# Commit Cadence

> Some repos go quiet for too long.

Canonical URL: <https://datadriven.io/problems/commit_cadence>

Domain: SQL · Difficulty: hard · Seniority: L5

## Problem

The engineering manager wants to flag repos with infrequent commit activity. For each repository, compute the average gap in days between consecutive commits. Only include repos whose average gap exceeds 5 days, and rank them by how inactive they are, widest average gap first. Return the repo name, average gap, and inactivity rank.

## Worked solution and explanation

### Why this problem exists in real interviews

This tests LAG for computing gaps between consecutive events, aggregation of those gaps, HAVING for threshold filtering, and RANK for ordering. It is a multi-step problem combining window functions with standard aggregation.

---

### Break down the requirements

#### Step 1: Compute gaps between consecutive commits

Use `LAG(commit_at) OVER (PARTITION BY repo_name ORDER BY commit_at)` to get the previous commit timestamp, then compute the difference in days.
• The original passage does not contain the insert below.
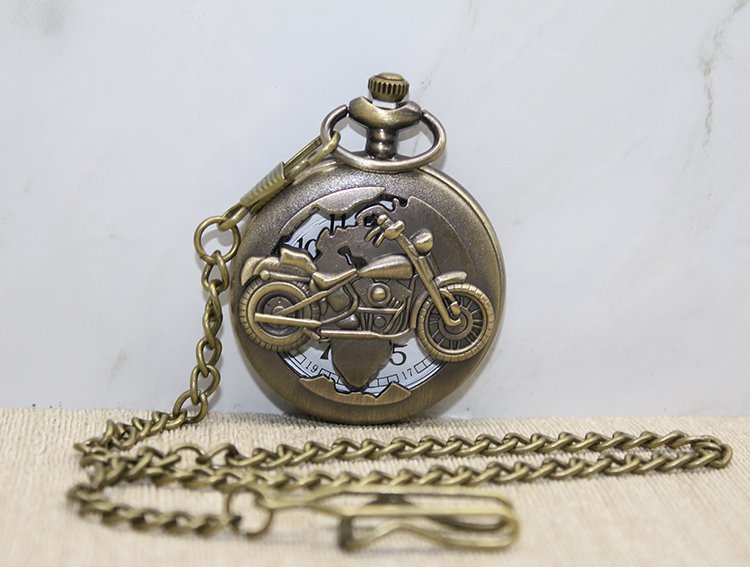 MOTOR TASARIMLI KÖSTEKLİ SAATÜrün ÖzellikleriMotor tasarımlı köstekli saat, vintage sevenler ve motosiklet tutkunları için özel olarak tasarlanmıştır. Bronz kaplama metal gövdesi, dayanıklılığı ve nostaljik dokusuyla dikkat çeker. Ön kapağında kabartmalı motosiklet figürü yer almakta olup, açık penceresi sayesinde iç mekanizmayı kısmen gösterecek şekilde tasarlanmıştır. Kolay açılır kapanır kapağı ve zinciri ile şık bir aksesuardır. Koleksiyoncular ve klasik saat severler için mükemmel bir seçimdir.Paket İçeriği1 Adet Motor Tasarımlı Köstekli Saat
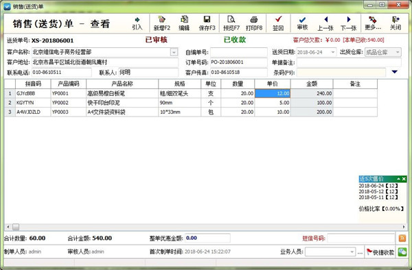 (1) 管理客户报价:可独立使用,自由设计报价单打印格式;也可生成销售订单,实现销售流程跟踪追溯功能。(2) 管理客户订货:可独立使用;也可用作合同管理使用(自定义合同条款,自由设计合同打印格式);可免录入由报价单生成;也可生成销售发货单,实现销售流程跟踪追溯功能。

#### Step 2: Average the gaps per repo

`GROUP BY repo_name` with `AVG(gap_days)`, excluding the first commit per repo (which has a NULL gap).

#### Step 3: Filter and rank

`HAVING AVG(gap_days) > 5` keeps inactive repos. `RANK()` by average gap descending assigns the inactivity rank.

---

### The solution

**LAG-based gap analysis with ranking**

```sql
WITH gaps AS (
    SELECT
        repo_name,
        commit_at - LAG(commit_at) OVER (PARTITION BY repo_name ORDER BY commit_at) AS gap_days
    FROM repo_commits
)
SELECT
    repo_name,
    AVG(gap_days) AS avg_gap,
    RANK() OVER (ORDER BY AVG(gap_days) DESC) AS inactivity_rank
FROM gaps
WHERE gap_days IS NOT NULL
GROUP BY repo_name
HAVING AVG(gap_days) > INTERVAL '5 days'
ORDER BY avg_gap DESC
```

> **Cost Analysis**
>
> Scan of 5M rows with a window function (sort per partition). The LAG step is O(n log n) for sorting. The subsequent GROUP BY reduces to the number of repos. The window sort dominates.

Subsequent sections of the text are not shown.